Problem ::
Output the lines of the records exactly, from the first through the one containing "放入煸好的土豆、茄子和青椒。". Omit all pictures.

=======

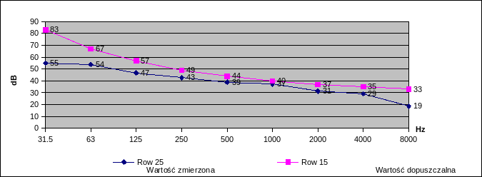 Poziom cisnienia akustycznego w oktawowych pasmach częstotliwości (Hz) |
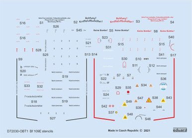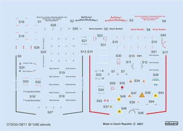 1/72 Eduard Bf 109E stencils for SPECIAL HOBBY/TAMIYA/AIRFIX
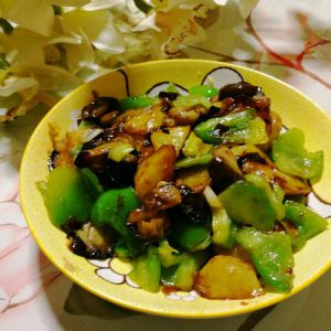 放入煸好的土豆、茄子和青椒。
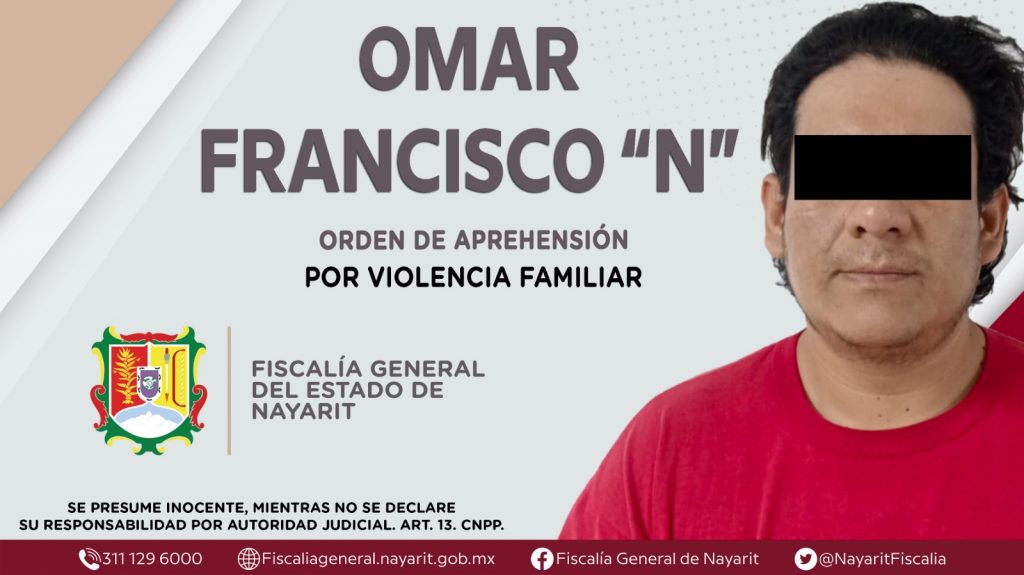 La Fiscalía General de Nayarit a través de la Agencia de Investigación Criminal dio cumplimiento a una orden de aprehensión en la ciudad de Tepic contra Omar Francisco “N”, por su presunta participación en hechos que según apreciación de la ley configuran el delito de violencia familiar, cometido en agravio de una mujer de identidad reservada.
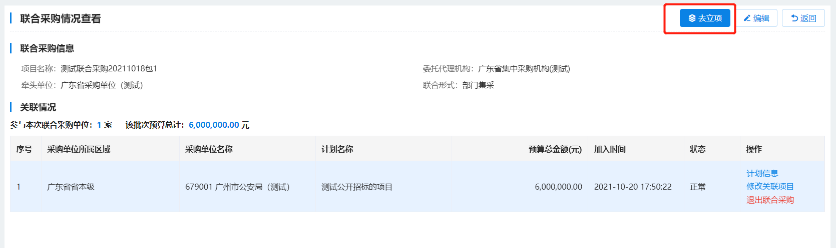 **步骤二:**确认参与的计划无误,右上角点击【去立项】。
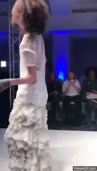 Chỉ catwalk không thôi chắc đã quá thường nên người mẫu này vừa đi vừa co giật theo đúng nghĩa đen. Lên đến đỉnh sân khấu, tưởng chừng màn biểu diễn đã đủ rồi thì nào ngờ người mẫu ngã vật ra khiến khán giả vô cùng hoảng hốt!
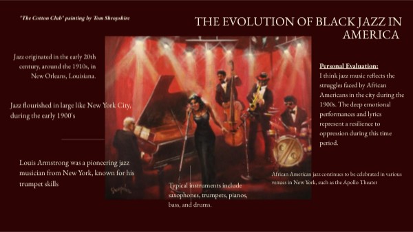 Personal Evaluation:I think jazz music reflects the struggles faced by African Americans in the city during the 1900s. The deep emotional performances and lyrics represent a resilience to oppression during this time period.
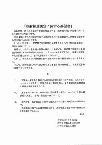 モニタリングポストの誘致を実現 7月19日に、区民の安全安心の観点から、モニタリングポスト設置の要望書を東京都杉村福祉保健局長に提出しておりました。 結果、宇田川都議会議員との連携ににより、モニタリングポストの誘致を実現しました。 設置場所 篠崎公園 設置予定 10月下旬 以下 要望書と写真を添付します。
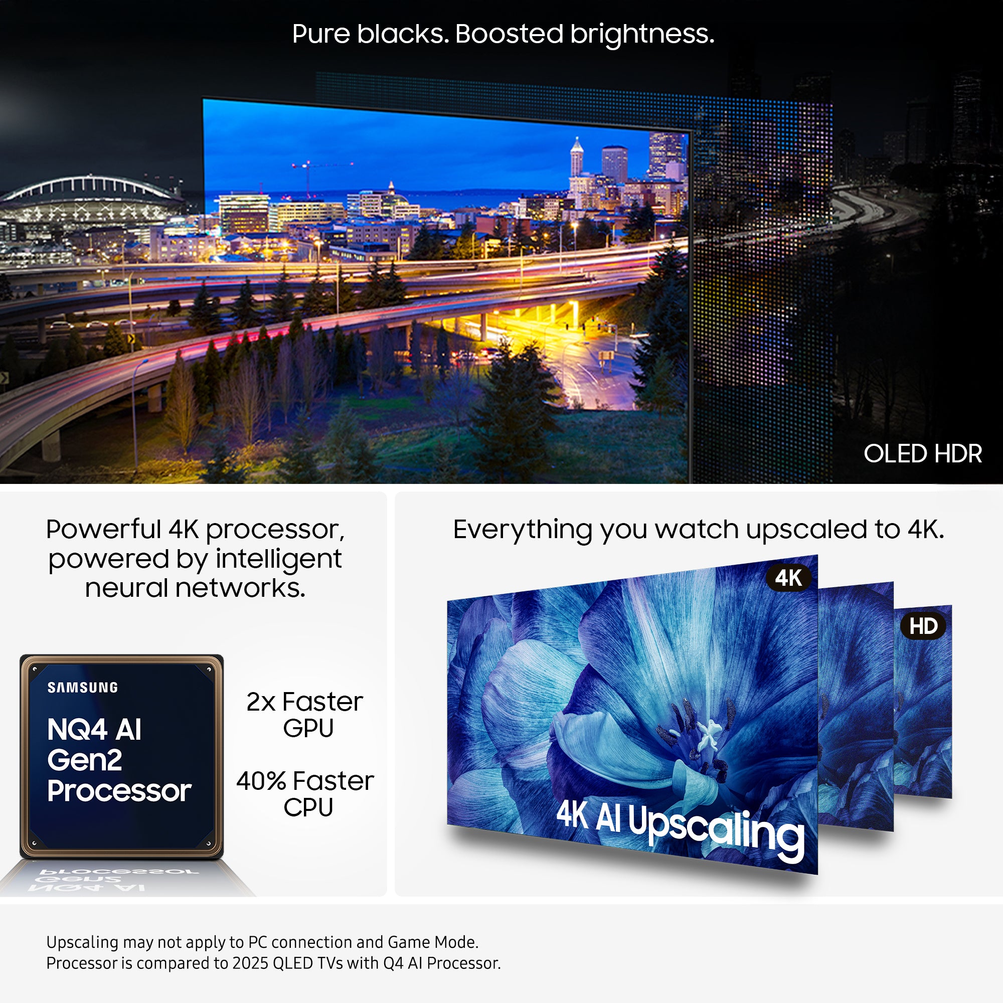 Experience real-world colours and cutting contrasts with Samsung OLED. OLED technology allows each pixel to be individually controlled - creating pure blacks, bright whites and epic contrast. Samsung OLED is Pantone validated, so that everything you watch comes to life in stunning realism.
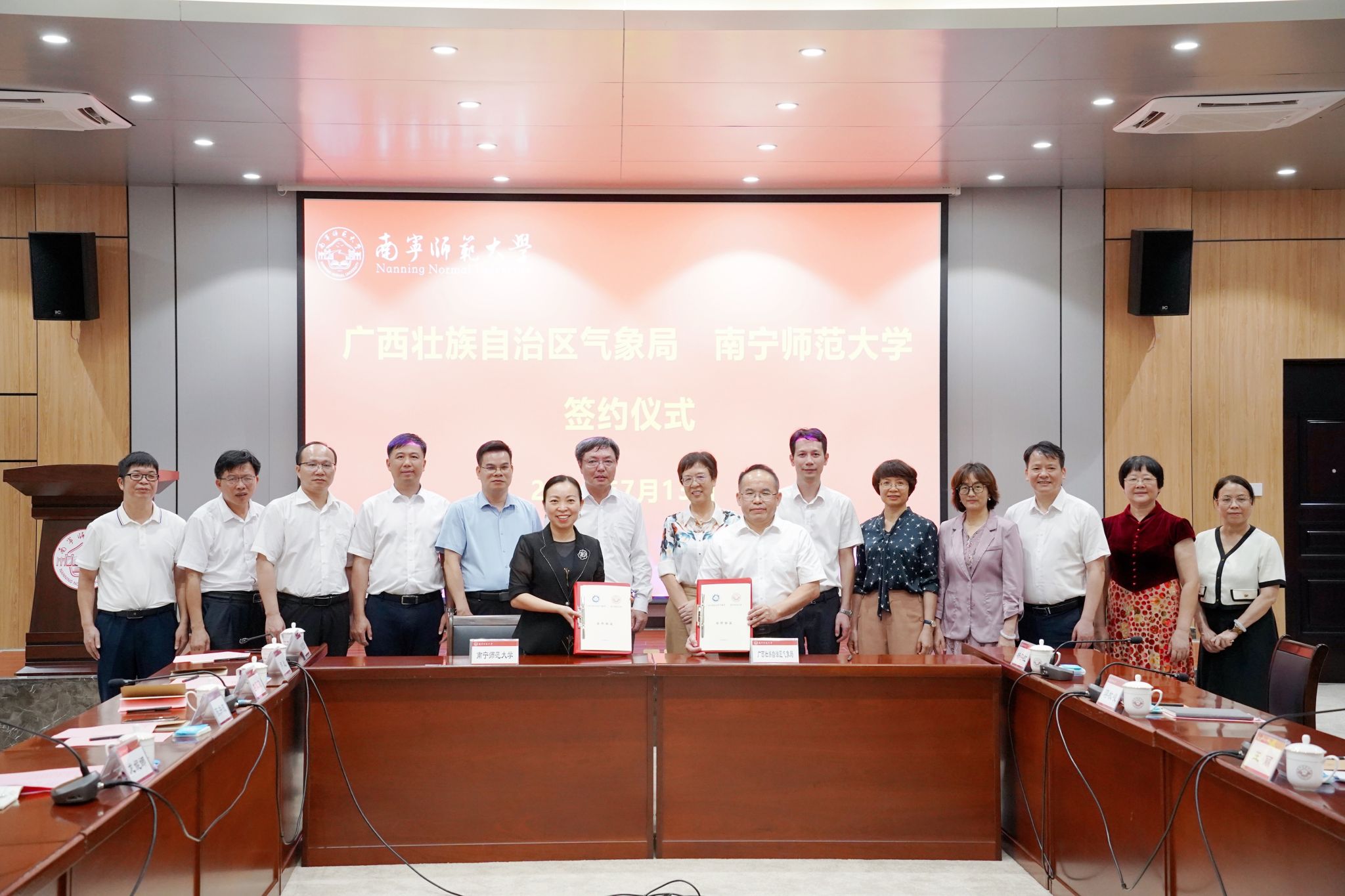 7月13日下午,广西壮族自治区气象局与南宁师范大学战略合作协议签约仪式在我校武鸣校区举行。在广西壮族自治区气象局局长王丽和完美(中国)校长李传起等领导的见证下,广西壮族自治区气象局副局长韦定宁与完美(中国)副校长龙妮娜代表双方签约。
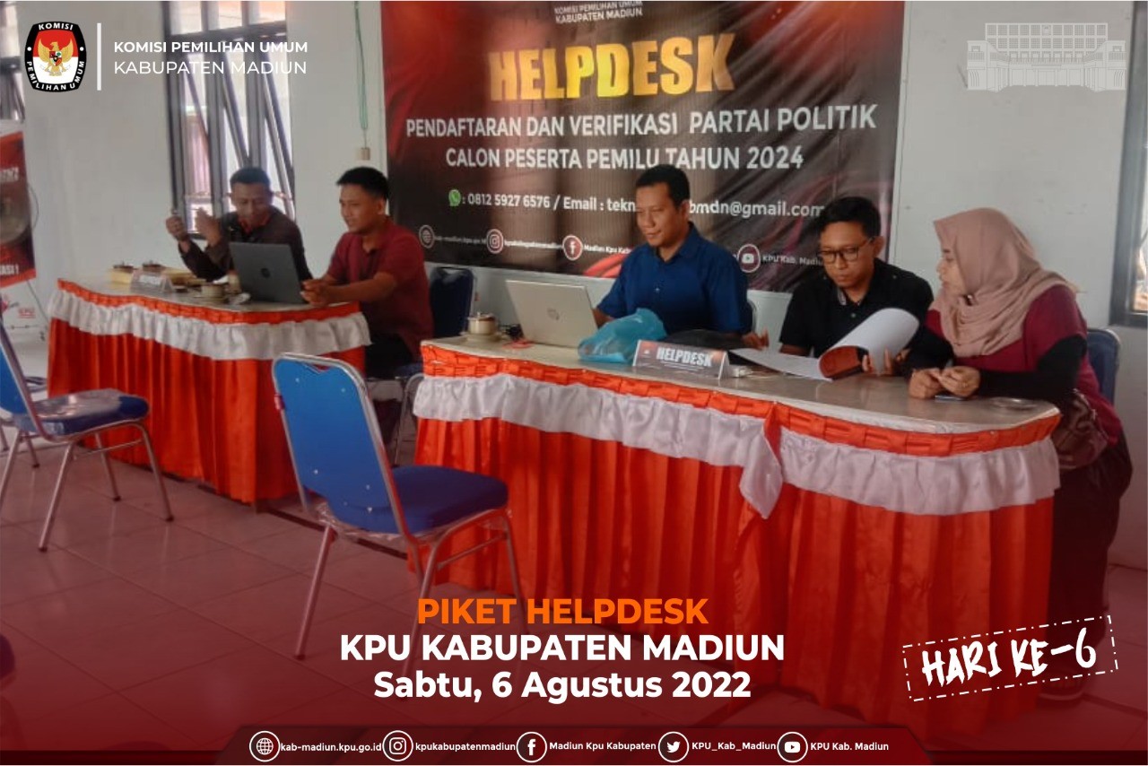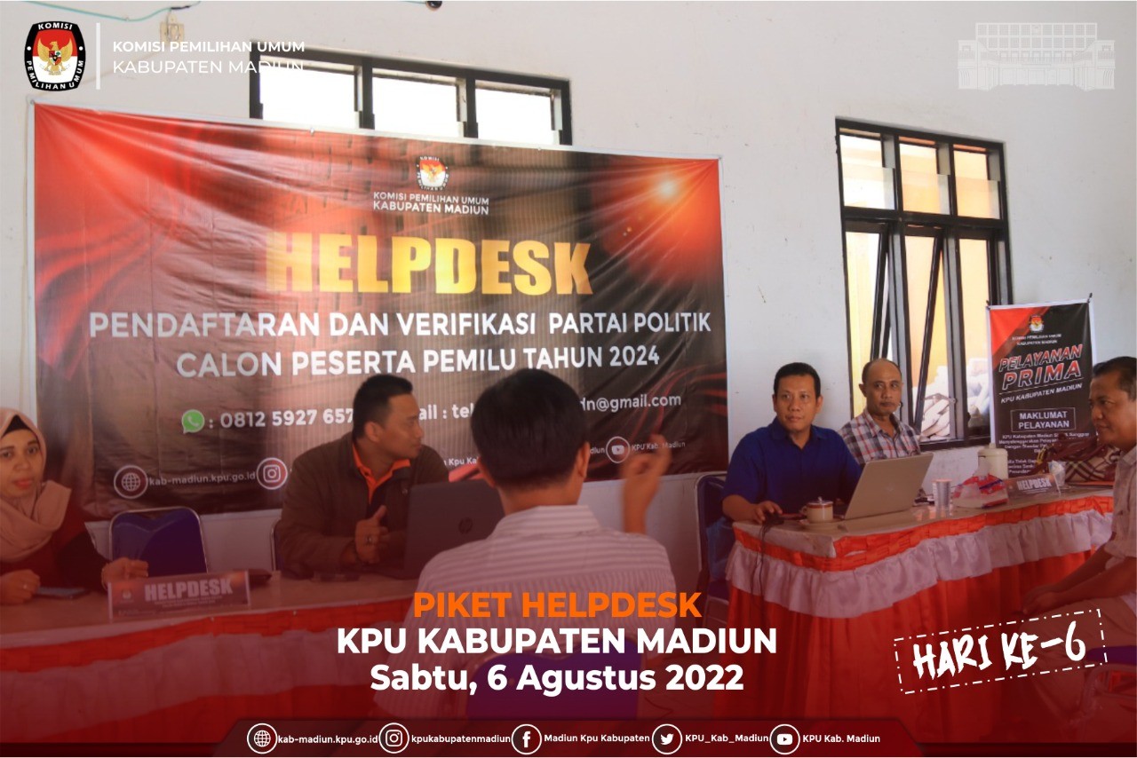 Jumangin menyampaikan terkait Pelaksanaan Vermin dan Verfak dari KPU Kabupaten Madiun sudah siap. “Karena kita sudah bentuk Tim Operator SIPOL untuk Pelaksanaan Vermin dan Verfak di masa tahapan awal ini, jadi terkait Kesiapan memang sudah sangat siap”, imbuhnya. Dalam kesempatan Monitoring dari Bawaslu ke Helpdesk KPU Kabupaten Madiun mengharapkan tidak ada kendala dalam pelaksanaan Verifikasi Administrasi dan Verifikasi Faktual Partai Politik.
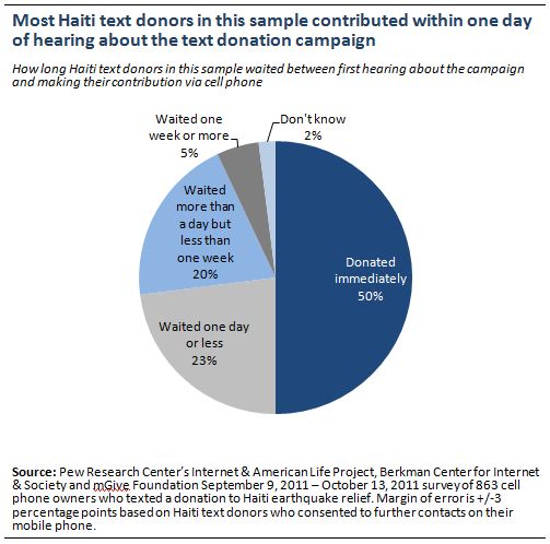 When asked how long they waited between first hearing about the text donation campaign for Haiti and actually donating, half of the Haiti mobile donors surveyed (50%) say that they donated immediately upon hearing about the effort. An additional 23% did not donate immediately, but did do so within a day—meaning that three-quarters of these donors made a contribution on the same day they first heard about the campaign. One in five (20%) waited between one day and one week before making a contribution, while a small number (5%) waited a week or more to donate.

=======

The completed task ::
 Poziom cisnienia akustycznego w oktawowych pasmach częstotliwości (Hz) |
 1/72 Eduard Bf 109E stencils for SPECIAL HOBBY/TAMIYA/AIRFIX
 放入煸好的土豆、茄子和青椒。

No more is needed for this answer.